The party at Scotty Hargrove’s estate in the Hollywood Hills was, on the surface, indistinguishable from every other gathering of the entertainment industry’s upper echelon: valet parking, catering by a restaurant whose name functioned as a status marker, a guest list curated to maximize the appearance of importance while minimizing the presence of anyone who might document what happened after midnight.

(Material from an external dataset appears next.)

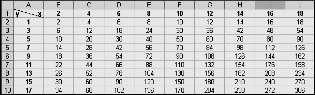 - все значения y, заданные в блоке А2:А10, нужно последовательно умножить на каждое значение х, находящееся в блоке В1: J1, поэтому значения в блоке А2:А10 при копировании по горизонтали (по соответствующим строкам) не должны изменяться, потому фиксируем столбец в адресе $A2.

The house itself was a monument to the aesthetic of acquired power — mid-century modern expanded into something grotesque, cantilevered over the hillside like a jaw over teeth, glass walls that pretended to offer transparency while the real operations happened in windowless rooms below grade. Dahlia knew those rooms. She had been inside one.

She entered through the front door. The security check was a biometric scan — fingerprint and facial recognition, Scotty’s upgrade since the lawsuit that had been settled out of court in 2023 by an actress whose name was still redacted. The scan cleared. The door opened.

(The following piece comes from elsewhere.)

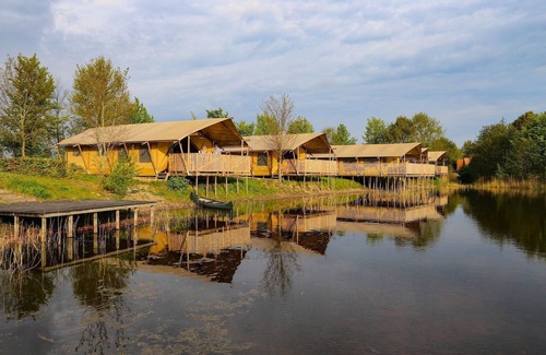 Hay dos alojamientos directamente por el estanque. El Lodge 4 persona (NL-8314-07) es un alojamiento muy cómodo con una hermosa terraza y un embarcadero privado. La lujosa tienda de safari (NL-8314-08) es una experiencia en sí misma, con una amplia terraza sobre el agua como más sorprendente. En el interior, las carpas son espaciosas y cuentan con un baño y una cocina "normal". El parque de vacaciones Eigen Wijze no sería en sí mismo si estos alojamientos no pudieron ser reservados como una combinación, creando un alojamiento grupal. La combinación para 16 personas (cuatro alojamientos de 4 personas con un espacio compartido que incluye cocina) se pueden reservar bajo el número NL-8314-09. Una combinación para 24 personas (cuatro tiendas de safari de 6 personas con una gran carpa de grupo, incluida la cocina), se pueden reservar bajo el número NL-8314-10.

The foyer smelled like orchids and anticipation.

Scotty Hargrove stood at the bar. Fifty-five now — two years older, twenty pounds heavier, the weight distributed in the particular pattern of a man who ate well and exercised never and relied on tailoring to contain the evidence. His hair was salon-grey, the kind of grey that cost $800 a session to maintain at precisely the shade that suggested wisdom rather than age. His smile was the same — wide, warm, the smile of a man who had learned to produce warmth the way a factory produces widgets: efficiently, without feeling.

He saw her.

The smile didn’t change. This was the most terrifying thing — his composure. He saw the woman he’d delivered to a room two years ago, saw her standing in his foyer wearing the same red dress, and his face produced the same smile he gave every guest, because in his internal architecture, what had happened in that room was not an event that required emotional processing. It was a transaction. And the transaction had been settled. $20,000 in an envelope. A story about falling. Done.

“Dahlia.” He said her name the way he said every woman’s name — as a claim of ownership disguised as recognition. “You look incredible.”

“Thank you, Scotty.”

“That dress. Is that—”

“Valentino. Custom.”

“It’s identical to the one you wore at—”

“At your party in ’22. Yes. I loved the design so much I had it remade.”

His eyes flickered. A microsecond of calculation — does she know, does she remember, is this a message — and then the smile returned, reinforced, cemented.

“Well, it suits you. Always did. Come in, come in. Bar’s open. Tommy is making his famous old-fashioneds.”

She entered the party. She smiled. She circulated. She carried a glass of sparkling water (no alcohol — never again, not in this house, not anywhere the third glass could be modified) and performed the social choreography of a woman who belonged exactly where she was.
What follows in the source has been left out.